WHAT NEEDS TO BE DONE:
Starting at the first entry below, repeat all the data word for word and drop the pictures.

----- DATA LISTING -----

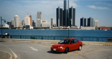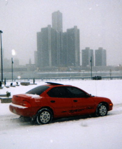 This is my Neon again down by the river on a clear winter day. In the Background is the Ambassador Bridge, spanning the Detroit River between Canada and the USA.
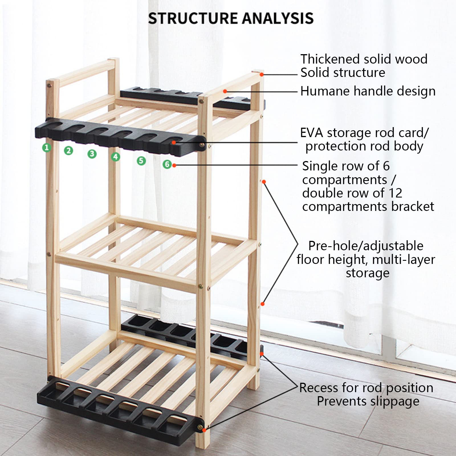 OUUTMEE Angelrutenständer Aus Massivholz - Für 10 Ruten 60x57x28cm - Mit Montagezubehör
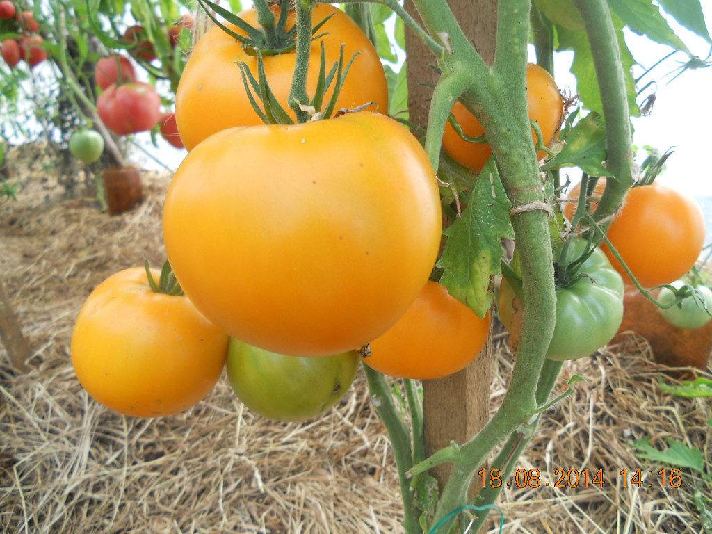 Среднеспелые высокорослые томаты дают средние плоды апельсинового цвета. Сорт ценят за сочные, мясистые, сладкие плоды.
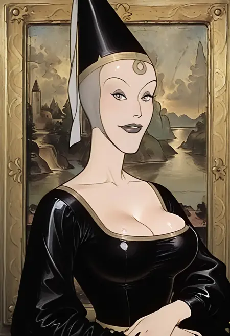 金冠,金色边缘的露肩长袖黑色连衣裙,米色中世纪上衣配米色开放式兜帽,
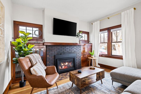This home has so much charm and appeal! It is on a very pretty tree-lined street in a quiet neighborhood. Inside is welcoming and cozy. The house has 1920’s era architecture with modern upgrades and conveniences. We spent our days with family who live in Boise so we weren’t “home” except in the evenings, but the living room was cozy, the beds were super comfy and the coffee was great! We would definitely stay here again!
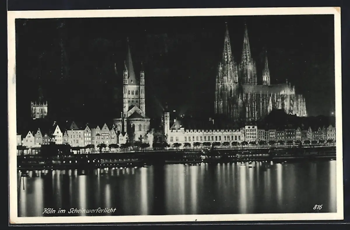 AK Köln, Dom und Altstadt im Scheinwerferlicht

-----

FINISHED EXERCISE:
 This is my Neon again down by the river on a clear winter day. In the Background is the Ambassador Bridge, spanning the Detroit River between Canada and the USA.
 OUUTMEE Angelrutenständer Aus Massivholz - Für 10 Ruten 60x57x28cm - Mit Montagezubehör
 Среднеспелые высокорослые томаты дают средние плоды апельсинового цвета. Сорт ценят за сочные, мясистые, сладкие плоды.
 金冠,金色边缘的露肩长袖黑色连衣裙,米色中世纪上衣配米色开放式兜帽,
This home has so much charm and appeal! It is on a very pretty tree-lined street in a quiet neighborhood. Inside is welcoming and cozy. The house has 1920’s era architecture with modern upgrades and conveniences. We spent our days with family who live in Boise so we weren’t “home” except in the evenings, but the living room was cozy, the beds were super comfy and the coffee was great! We would definitely stay here again!
 AK Köln, Dom und Altstadt im Scheinwerferlicht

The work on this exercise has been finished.